Mr. MCEWEN: Well, Tony, people say, did you know you were dying? Did you know you were near death? It's like being underwater. All you're trying to do is to swim up to where the air is. And lucky is a good word. I was lucky. I could have died. A good friend of mine, Bill Cosby - the namedropper I am - said any day you're on this side of the dirt is a good day, and he's right.

(Soundbite of laughter)

COX: And he wrote the forward for your book, "Change in the Weather." Why that name? I think I could understand it, but tell our audience why you've named it that.

Mr. MCEWEN: Well, first of all, it's - a change in the weather sort of connotates (ph) something is amiss, something is changing. And people know me - I did a lot of things on "The Early Show" on CBS, but the weatherman is what people remember me for. And so, that experience with stroke changed my whole life, and accordingly, it changed the weather, a change in the weather.

COX: Right, and your outlook on life, certainly. Talk for a minute, if you can, about the fact that you went to the hospital, or the doctor, in Baltimore, when you had your first stroke, not knowing you were having it, and you were misdiagnosed. What happened?

Mr. MCEWEN: Well, Tony, if anyone, anyone, had said the word stroke, I wouldn't have flown two days later. But they - the doctor there sort of misdiagnosed me - not sort of, did misdiagnosed me as having the flu, and sent me home. And I thought, he's a doctor. I'm not - you tend to believe what a doctor says. And again, if someone had diagnosed me as having suffered a stroke, we would probably be having a different conversation.

COX: You know, strokes hit twice as many African-Americans, Mark, as they do any other group, and sometimes, to be honest, it takes something like this to get our attention. Why do you think that is?

Mr. MCEWEN: Well, Tony, eating a whole pepperoni pizza was de rigueur for me, and I've thought, as most people do, I was invincible. I would be here forever. And so, there I was - it took me, Tony, six months to know I was in a coma for four days. I didn't know that, and now I kind of - I never sort of watched what I ate. Everything I eat is - it goes - I think about it.

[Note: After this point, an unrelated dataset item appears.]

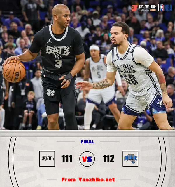 JRS直播吧讯 北京时间2月9日讯 NBA常规赛,魔术今日迎战马刺,前者上场比赛不敌掘金,后者则是惜败黄蜂,此役萨格斯缺战。比赛上来,两队打得相对胶着,不过在11-11平后巴恩斯突然爆发,个人连中了五记三分将分差拉开到两位数,但在首节后半段马刺的命中率出现下滑,魔术抓住机会完成反超,次节双方都曾打出小高潮,分差却没有再被拉开,半场结束时马刺领先3分;下半场回来,马刺占据了场上的主动权,在凯尔登和卡斯尔连续打成2+1后分差终于拉开到两位数,末节小瓦格纳和班凯罗联手追回比分,比赛悬念保持到了最后,关键时刻班凯罗命中高难度跳投反超,文班亚马绝杀球不中,最终魔术险胜马刺。

And so being my mantra now, is be healthy. And I think, as African-Americans, we grew up with foods - like, fried chicken is one - and we grew up with stuff we didn't know was bad for us. And health-wise, those kinds of foods don't help you, and so a lifestyle change is in order. It's what I did, and I'm here to spread the word to everyone to - having a stroke doesn't discriminate. It happened to me. It can happen to you.

COX: So, you're eating more healthy.

Mr. MCEWEN: Yeah.

COX: You're exercising. You have a more positive - not that you didn't have a positive outlook before, but you have a really appreciative outlook on life now, I would imagine.

Mr. MCEWEN: Well, Tony, I'll tell you, little things that used to bother me don't anymore - and I have twins who are four and a half years old. They don't know a stroke from a side of a barn. All they know is that Dad is now home playing with them. And by the time they know what this is, hopefully, this will be in my rearview mirror.

COX: Hopefully. Mark, thank you so much. Congratulations on your recovery, and spreading the word, because it's very important what you're talking about.

Mr. MCEWEN: Thank you, Tony.

COX: Mark McEwen is a former CBS broadcaster and a stroke survivor. He has put his story down in a book called "Change in the Weather: Life After Stroke."